To obtain M/E types that reflected the major morpho-electric properties of interneurons in this region, we combined M and E types and took the 11 main combinations as M/E types (>5% of the total) [2] (Fig. 2C). We then visualized these major M/E types by projecting their morpho-electric features using t-SNE and found little overlap between them (Fig. 2D). As confirmation, we partitioned the original M/E dataset into 9 clusters (C1–C9) using an unsupervised hierarchical clustering method (Fig. S4A, B). We found a remarkable correspondence between M/E types and clusters (Fig. S4C). As these 11 types represented morpho-electrically well-defined major interneuron subtypes, we focused on them in the following correlation analysis. Overall, these M/E types covered ~80% of all samples with variable percentages of each type (Fig. 2E, F). We also examined the somatic distributions of M/E types in this specific layer and found a sub-laminar preference for some types (Fig. S5A, B). For example, M/E types 4, 5, and 7 were preferentially located in the lower region, while M/E types 3 and 11 occupied the upper region of L5.

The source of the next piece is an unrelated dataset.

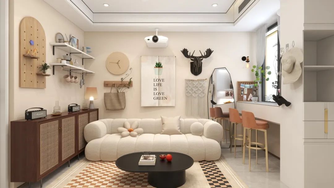 客厅区域以奶白色沙发为主角,搭配复古藤编收纳柜,洞洞板墙面+置物板,承重强,书籍/香薰挂画/绿植/工具随心换,解决收纳不足的问题。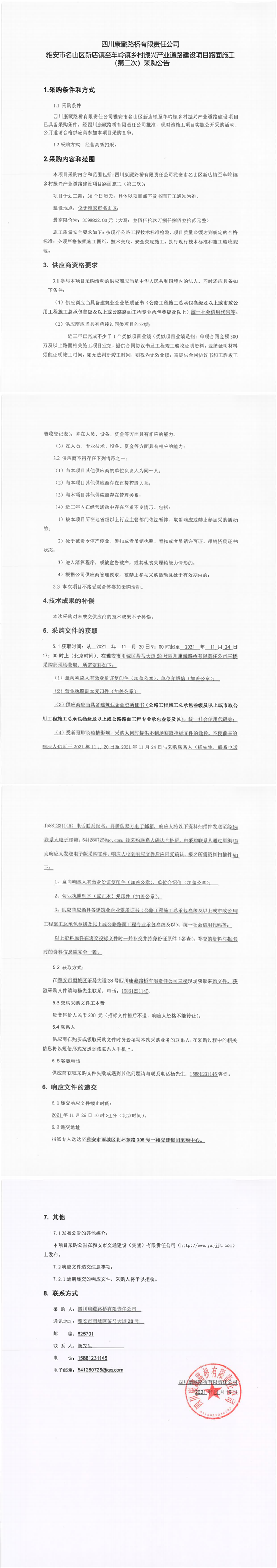 四川康藏路橋有限責(zé)任公司雅安市名山區(qū)新店鎮(zhèn)至車(chē)嶺鎮(zhèn)鄉(xiāng)村振興產(chǎn)業(yè)道路建設(shè)項(xiàng)目路面施工(第二次)采購(gòu)公告

Correlations Between Neurochemical Markers and M/E Types

Interneuron-specific neurochemical markers have been widely used as a proxy for distinct cortical interneuron subtypes [3, 31]. However, accumulating evidence suggests that a single marker in most cases targets several phenotypic subtypes [1, 6, 27, 44]. Although the intersection and subtraction of neurochemical markers are expected to improve targeting specificity [38], it remains unclear to what extent the combinatorial expression of neurochemical markers corresponds to specific cortical interneuron subtypes defined by M/E properties.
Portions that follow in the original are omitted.